JP2007180538A - Cmos image sensor and method of manufacturing the same - Google Patents

Abstract

<P>PROBLEM TO BE SOLVED: To provide a CMOS image sensor having an image-sensor sensitivity enhanced by altering a position of a contact formed in a photodiode region to solve the problem of reduction of a capacitance caused by a high concentration implantation, and also to provide a method of manufacturing the image sensor. <P>SOLUTION: The CMOS image sensor comprises: a semiconductor substrate in which an active region and a device isolation region are defined; a photodiode region formed in the active region, the photodiode region including a first region, into which impurity ions of a first conductivity type and impurity ions of a second conductivity type are implanted, and a second region, into which impurity ions of the first conductivity type are implanted; and a transistor region which is formed in the active region and in which a transistor and an impurity diffusion region of the first conductivity type are formed. <P>COPYRIGHT: (C)2007,JPO&INPIT

Description

  The present invention relates to a CMOS image sensor and a manufacturing method thereof.
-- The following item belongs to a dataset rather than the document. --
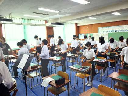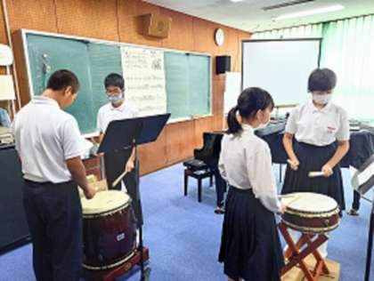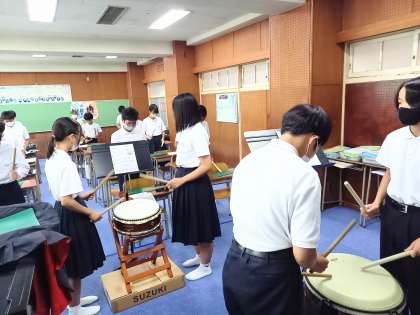 写真は、3年生音楽の様子です。バチをもって太鼓の練習をしています。

  An image sensor is a semiconductor element that converts an optical image into an electrical signal. Among them, a charge coupled device (CCD) is located in a position where individual MOS capacitors are very close to each other, and charge carriers are stored in the capacitor and transferred. It is an element.

  On the other hand, a CMOS image sensor adopts a switching method in which MOS transistors corresponding to the number of pixels are created using CMOS technology using a control circuit and a signal processing circuit as peripheral circuits, and outputs are sequentially detected using this. It is an element.

  The CCD has a complicated driving system, consumes a lot of power, and has a large number of mask processes, so the process is complicated, and a signal processing circuit cannot be realized in the CCD chip, making it difficult to make a single chip. Recently, development of a CMOS image sensor using a submicron CMOS manufacturing technology has been actively studied in order to overcome such a drawback.

  The CMOS image sensor realizes an image by forming a photodiode and a MOS transistor in a unit pixel (pixel) and sequentially detecting signals by a switching method.

  A CMOS image sensor uses CMOS manufacturing technology, consumes less power, has about 20 masks, and is much simpler than a CCD process that requires 30 to 40 masks. Since it is possible to make a processing circuit and one chip, it is attracting attention as a next-generation image sensor, and is used in many applications such as a digital steel camera (DSC), a PC camera, and a mobile camera.

  CMOS image sensors are classified into 3T, 4T, and 5T types depending on the number of transistors. The 3T type is composed of one photodiode and three transistors, and the 4T type is composed of one photodiode and four transistors. Hereinafter, the layout of the unit pixel of the 3T type CMOS image sensor will be described.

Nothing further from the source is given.